EffectorFisher-core Module (Python Library)

The EffectorFisher module is a Python library used for comparing pangenome-derived protein isoform profiles with host virulence/disease phenotyping, to predict candidate effectors with strong phenotypic-association. EffectorFisher can be used to refine the output of Predector, which combines multiple methods to predict proteins with effector-like properties.

EffectorFisher was developed at the Centre for Crop and Disease Management (CCDM) by Mohitul Hossain within RTP/GRDC-funded Ph.D. project CUR2301-006RSX, with additional support from the Western Australian Agricultural Research Collaboration (WAARC), under the supervision of Dr James Hane and co-supervision of Drs Huyen Phan and Kristina Gagalova. Assistance with code development was provided by Dr Kristina Gagalova and Mr Pavel Misiun, with testing performed by Ms Naomi Gray.

A manuscript describing this method is currently under review, if you use EffectorFisher please check this space for citation details.

Installation

EffectorFisher-core is a command-line tool, written as Python.

Requirements

Python 3.6 or newer. More details can be found here.
pip installed, with pip >= 21.0 recommended. More details about pip installation can be found here.
Internet connection to install from GitHub

Quick installation from GitHub

pip install git+https://github.com/ccdmb/EffectorFisher-core.git

This will:

Download the latest version of the tool
Install all required dependencies
Register the command-line tool effectorfisher-core.py

Manual Installation (From Cloned Repository)

If you prefer to work with the source:

git clone https://github.com/ccdmb/EffectorFisher-core.git
cd EffectorFisher-core
pip install .

To install in development mode (reflects source code changes automatically):

pip install -e .

Input Files

To run this module, you need to provide the following input files:

Effector_variants_PAV_output.txt: This file is a required input for EffectorFisher-core and must be generated by running the EffectorFisher tool.
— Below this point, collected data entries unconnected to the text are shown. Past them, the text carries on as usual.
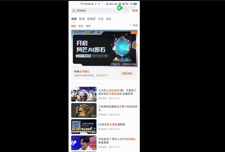 在芒果TV搜索数字藏品,可以直接进入相关频道,平台内容等同于公众号“芒果数字藏品”,而公众号购买是跳转芒果TV;而芒果旗下的小芒APP也有部分自有数字藏品出售。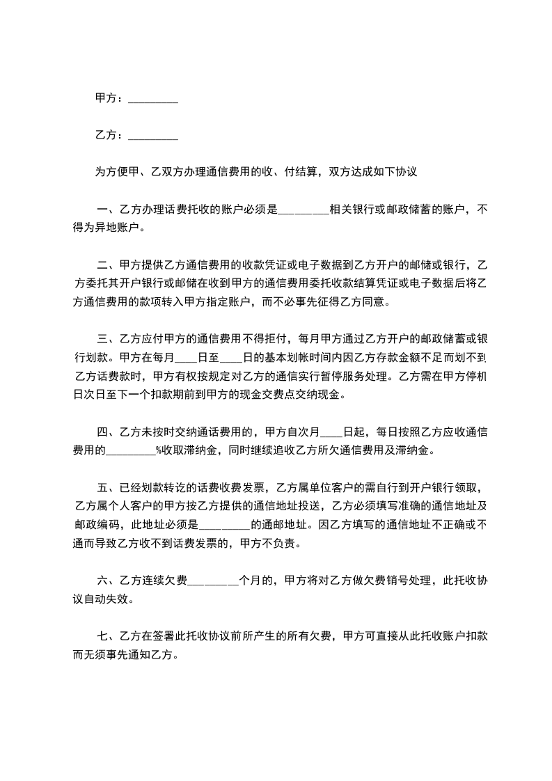 _________公司_________分公司(下称甲方)长期向客户(下称乙方)提供_________电话通信服务,为方便甲、乙双方办理通信费用的收、付结算,双方达成如下协议: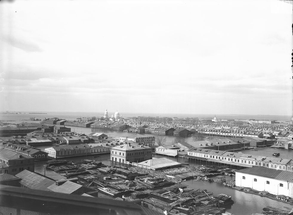 Вид на Нижегородскую ярмарку во время половодья. Нижний Новгород.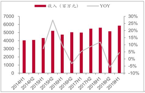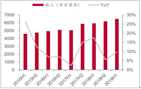 2015-2019年上半年恒安國際收入及變動趨勢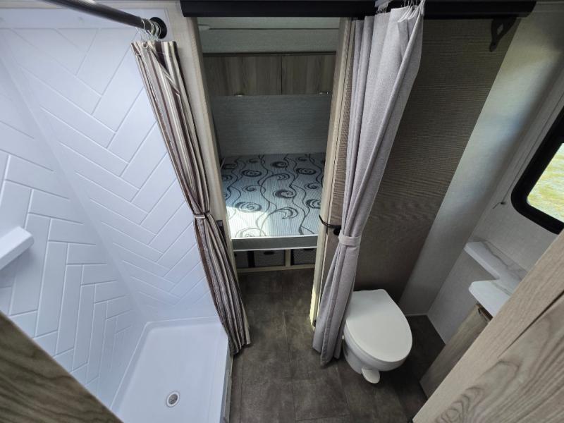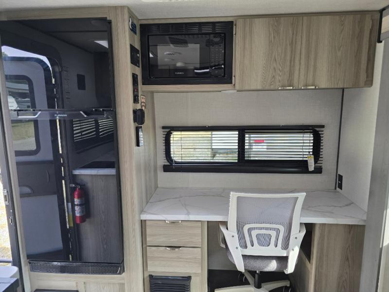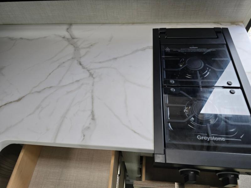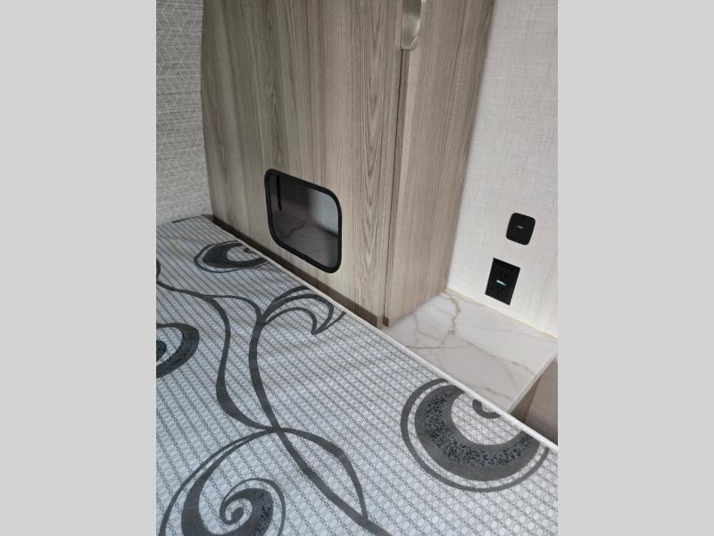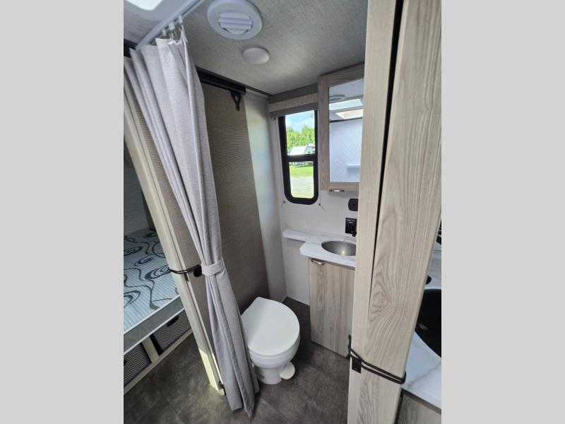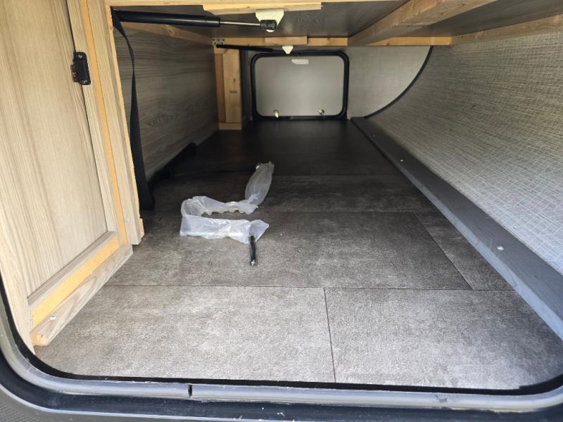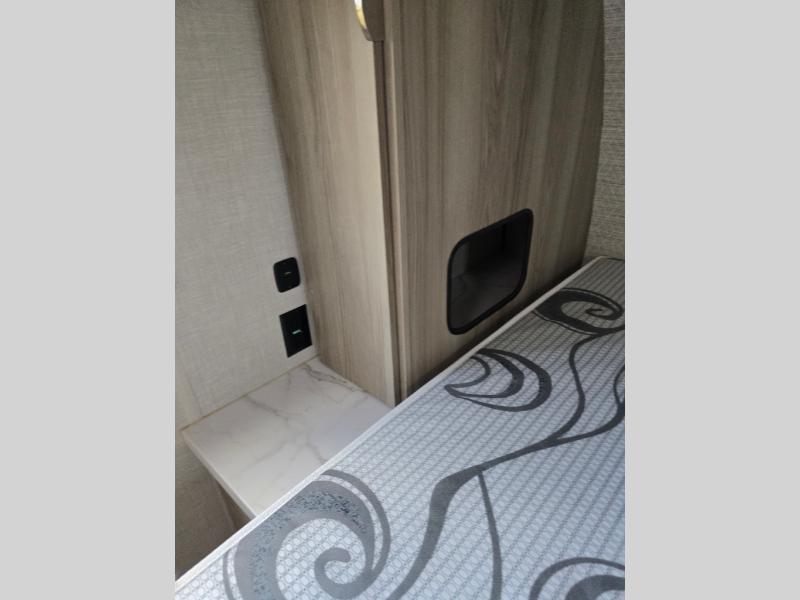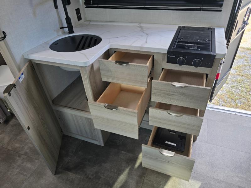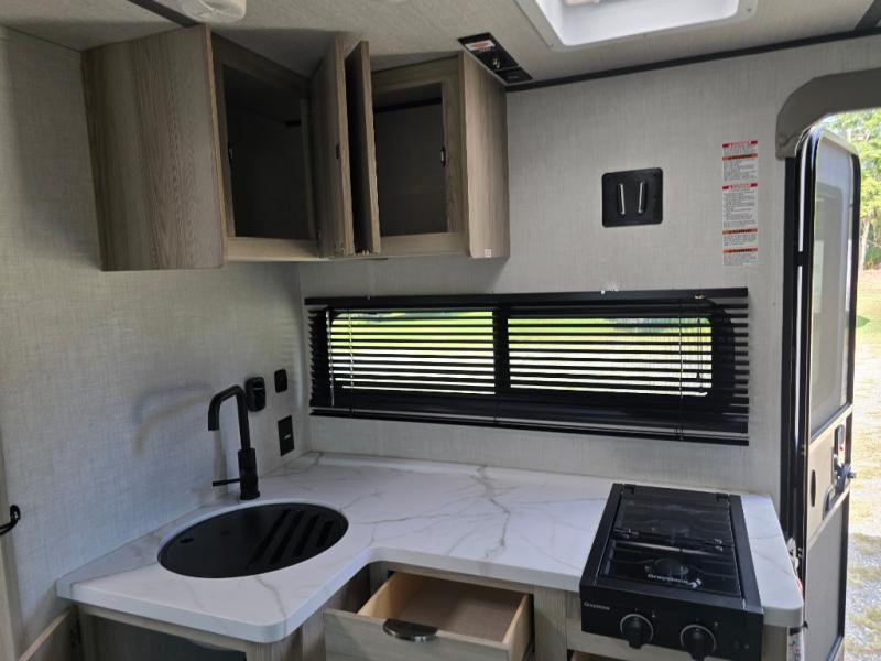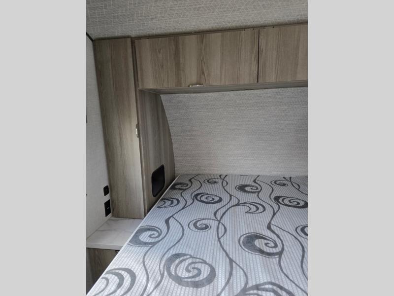 You're going to love every minute spent in this couple's trailer. The queen bed in the front private bedroom will provide a great night's rest, and there are dual wardrobes to easily get dressed in the morning. Head to the kitchen through the bath, then prepare eggs and bacon on the two burner cooktop. There is theater seating here to enjoy your coffee at each morning, or you may want to get some work done at the mobile workstation!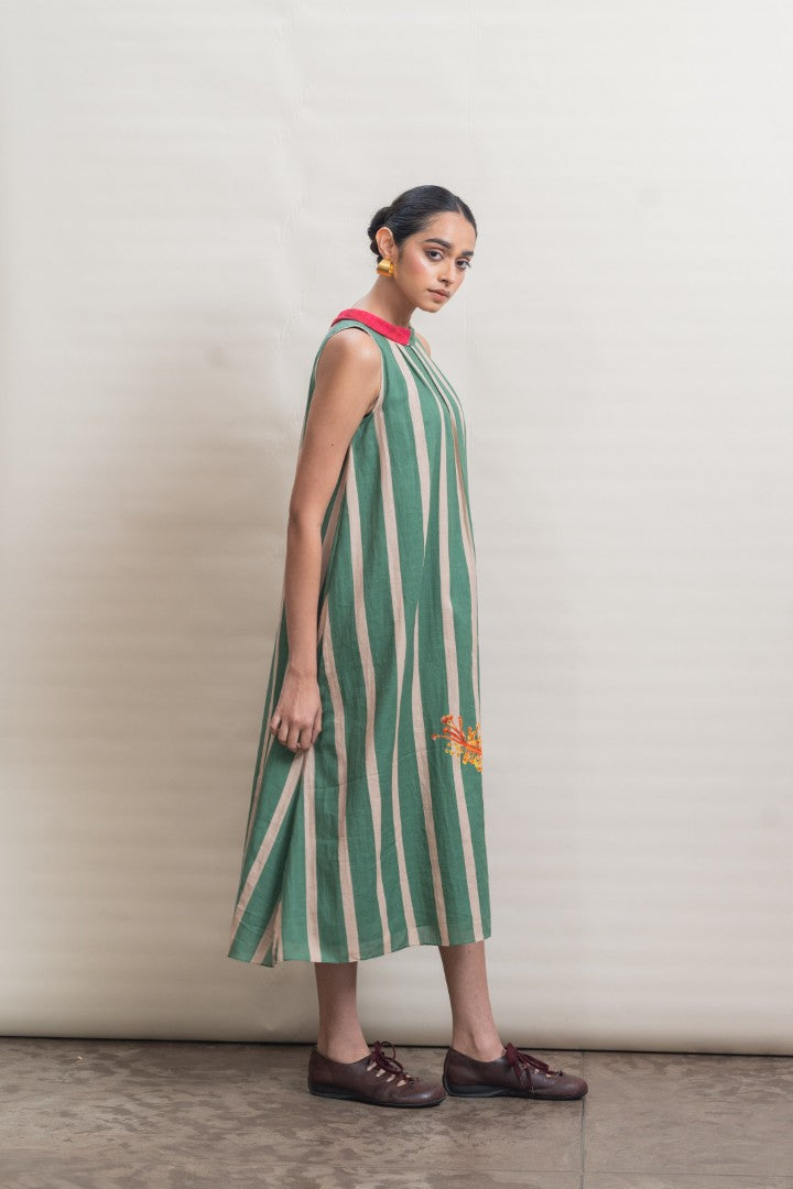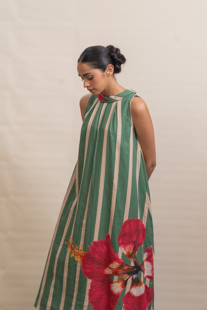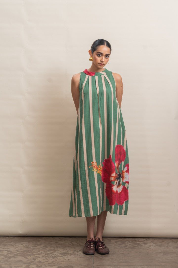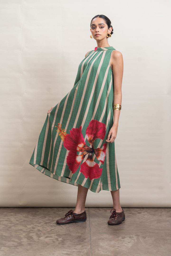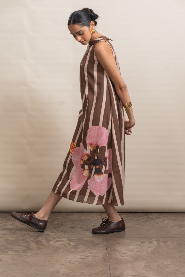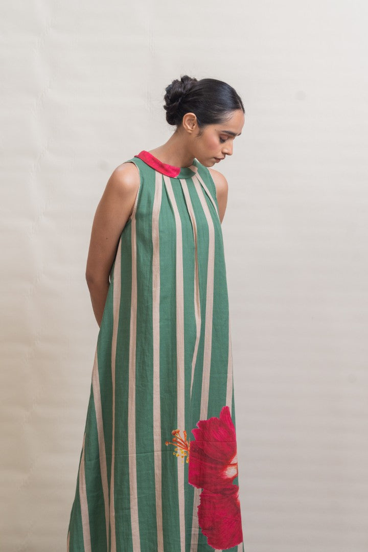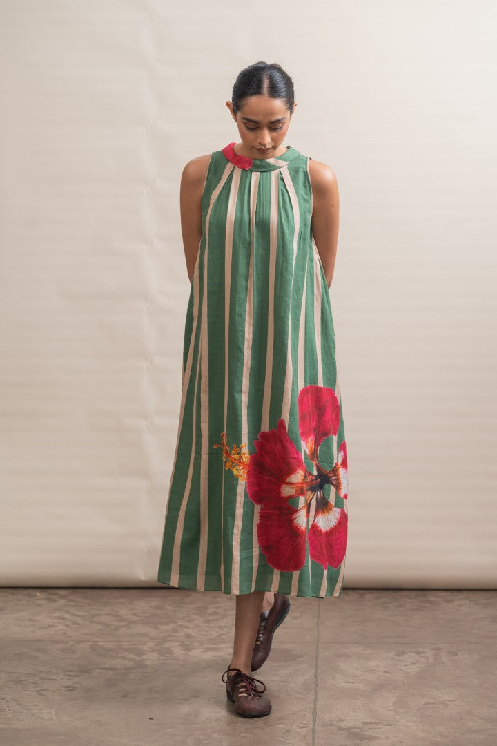 Sleeveless midi dress in soft cotton with vertical stripe placement for a lengthened silhouette. Features a relaxed A-line fall and a hand-painted floral motif print placed at the hem. Finished with a rolled collar and back closure,this dress makes a statement in understated elegance.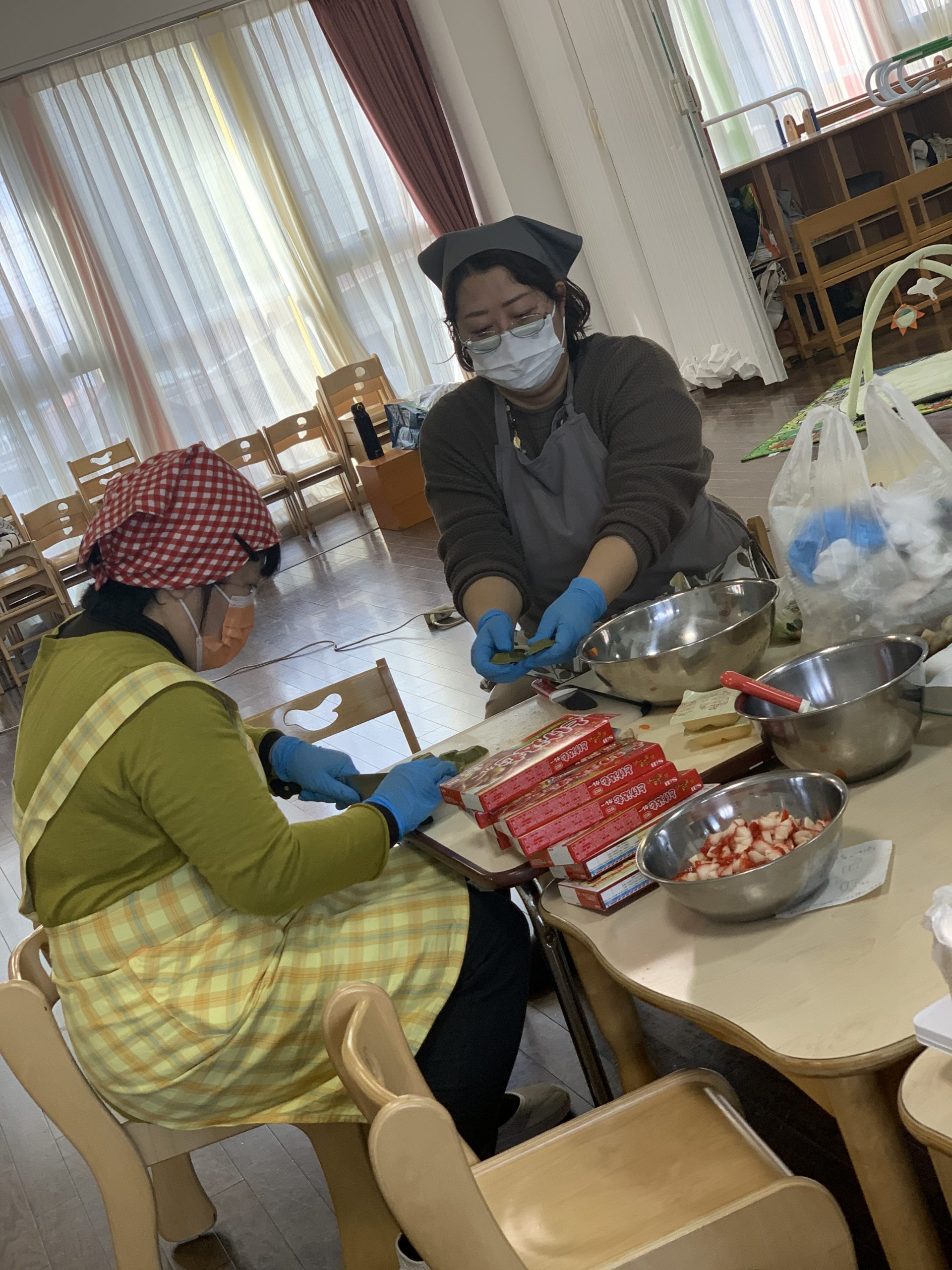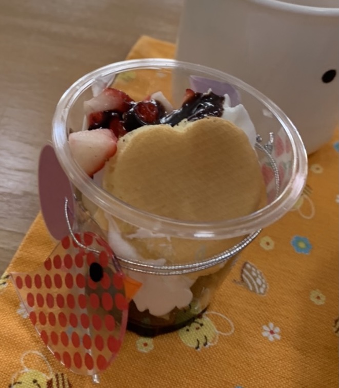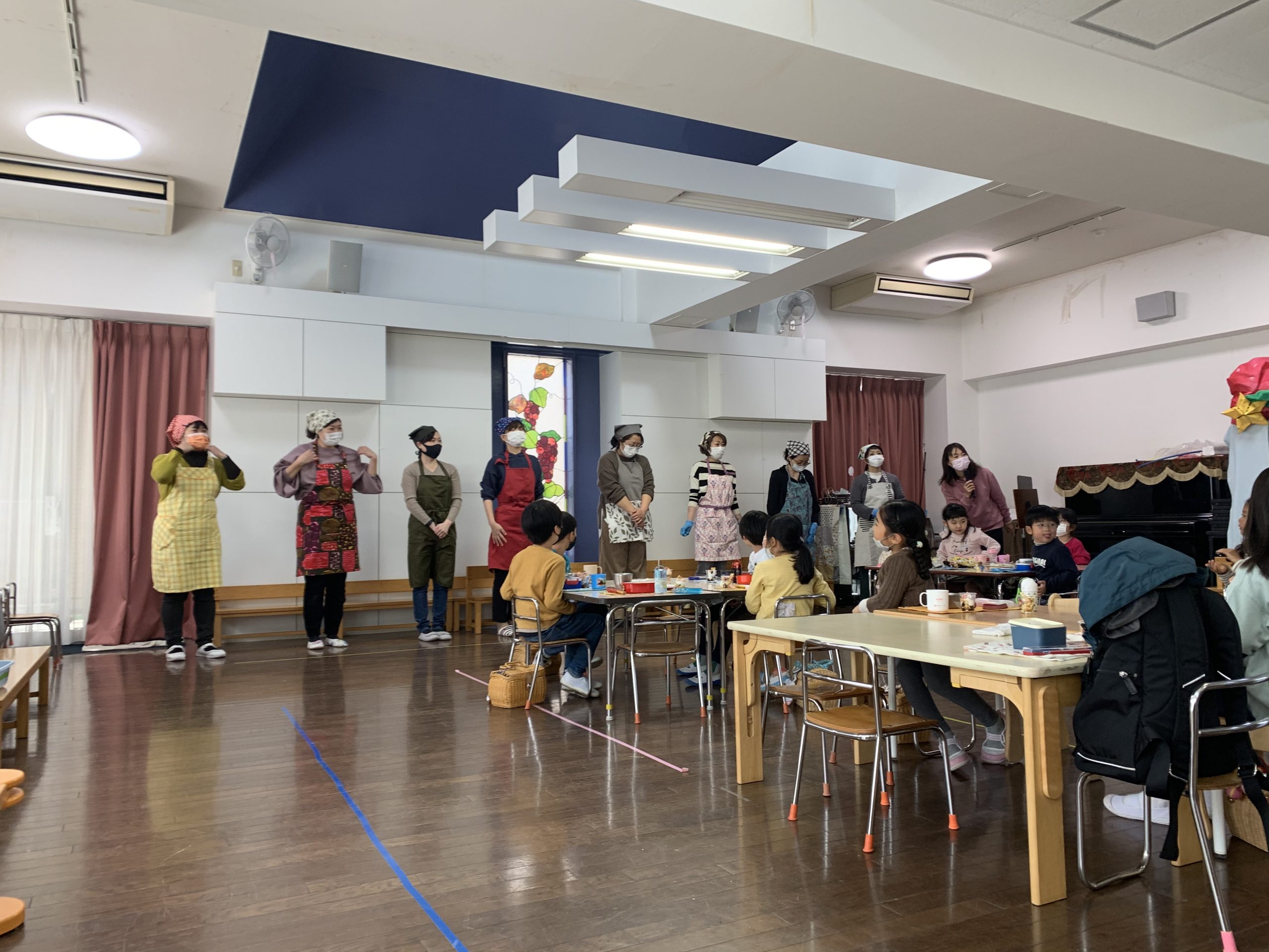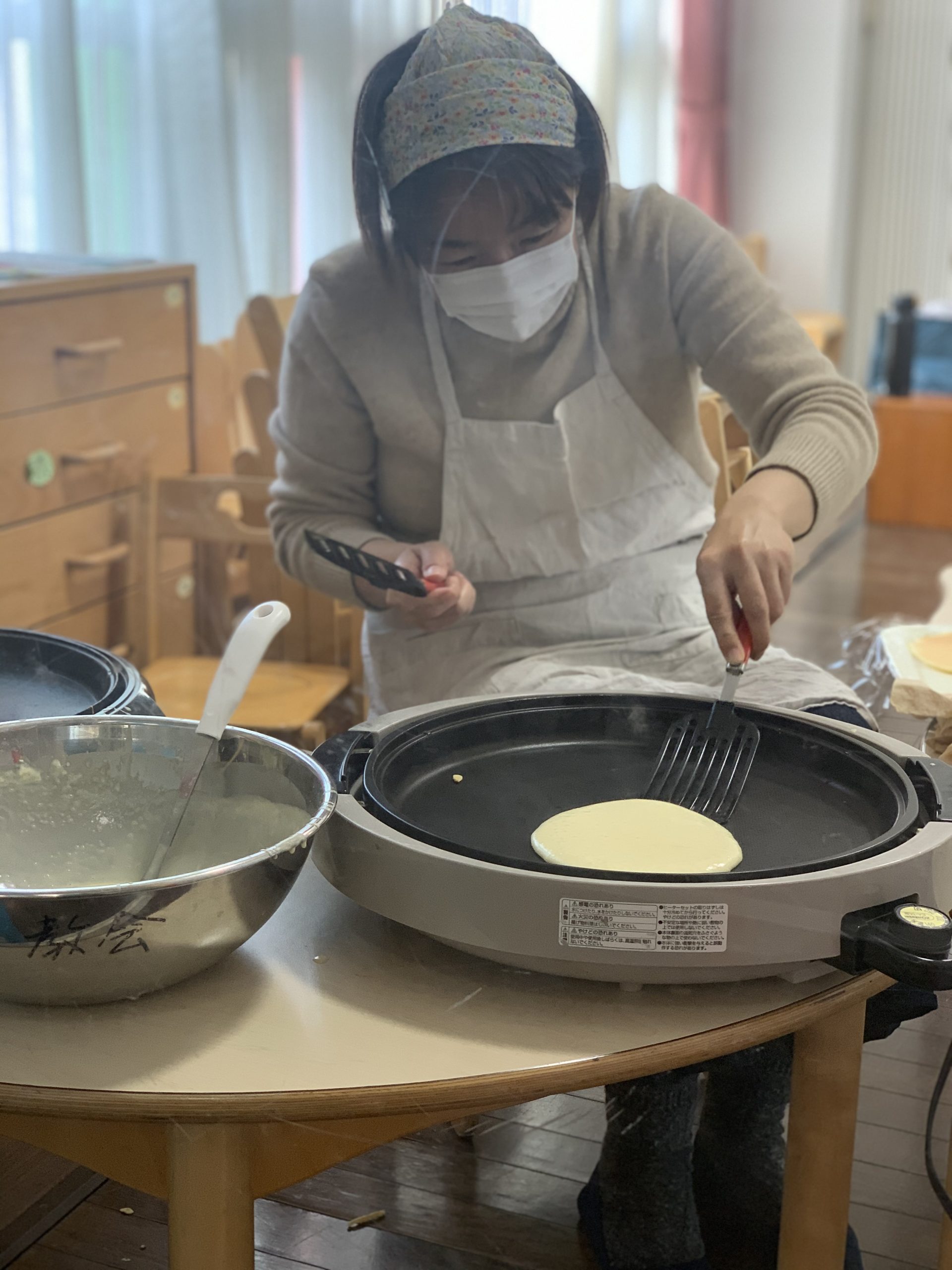 今日は今年度最後の親子会食でした。年長組のおうちの方が美味しいカレーを作って下さいました。デザートはかわいいデコレーションパンケーキ!プレゼントのキーホルダーも付いていました。うれしかったですね。おうちの方々、ありがとうございました!

The file can be found in the Final_PAV_result directory upon successful execution of the EffectorFisher pipeline. This file contains the presence–absence variation (PAV) matrix of predicted effector candidates across isolates. Detailed instructions for generating this file can be found in the "EffectorFisher" repo: https://github.com/muhitulh/EffectorFisher/tree/main. Note: Both the EffectorFisher and EffectorFisher-core modules are components of the associated manuscript.
phenotype_data_quantitative.txt or phenotype_data_qualitative.txt:
- phenotype_data_quantitative.txt: This file should contain numeric disease scores. You need to prepare this file as shown in the example.
- phenotype_data_qualitative.txt: This file should contain disease severity levels (high or low). You need to prepare this file as shown in the example.
predector_results.txt: This file is a required input for EffectorFisher-core and must be generated by running the Predector tool. Predector is a published tool in Scientific Reports (link) that prioritizes candidate effector proteins based on a range of effector-like features.
Installation and usage instructions are available in the Predector GitHub repository.
known_effector.txt (optional): You can provide known effector IDs and names in this file, as shown in the example. If this file is not provided, the module will not include known effector ranking in the final output.

Important: Make sure your input file names are the same as mentioned above and that they are located in the subdirectory 00_input_files within your working directory. Alternatively, you can provide the input file paths as command-line arguments (note: still working on it).

Directory Structure

Here's an example of the directory structure for running the EffectorFisher module:

working_directory/
├── 00_input_files/
│   ├── Effector_variants_PAV_output.txt
│   ├── phenotype_data_quantitative.txt (or phenotype_data_qualitative.txt)
│   ├── predector_results.txt
│   └── known_effector.txt (optional)
├── effectorfisher_core.py
└── ...

Make sure to place the input files in the 00_input_files directory within your working directory.

Usage

Run the pipeline with:

effectorfisher_core.py --data-type <qualitative|quantitative> [options]

Basic example

effectorfisher_core.py --data-type quantitative --input-dir 00_input_files/ --save

This will:

Process input files
Apply default filters
Save both intermediate and final output files

Final Output Only (No --save)

effectorfisher_core.py --data-type quantitative --input-dir 00_input_files/

Options

effectorfisher_core.py --help

usage: effectorfisher_core.py [-h] [--data-type {quantitative,qualitative}]
                              [--input-dir INPUT_DIR] [--output-dir OUTPUT_DIR]
                              [--min-variant MIN_VARIANT] [--save]
                              [--cyst CYST] [--total-aa TOTAL_AA]
                              [--pred-score PRED_SCORE] [--p-value P_VALUE]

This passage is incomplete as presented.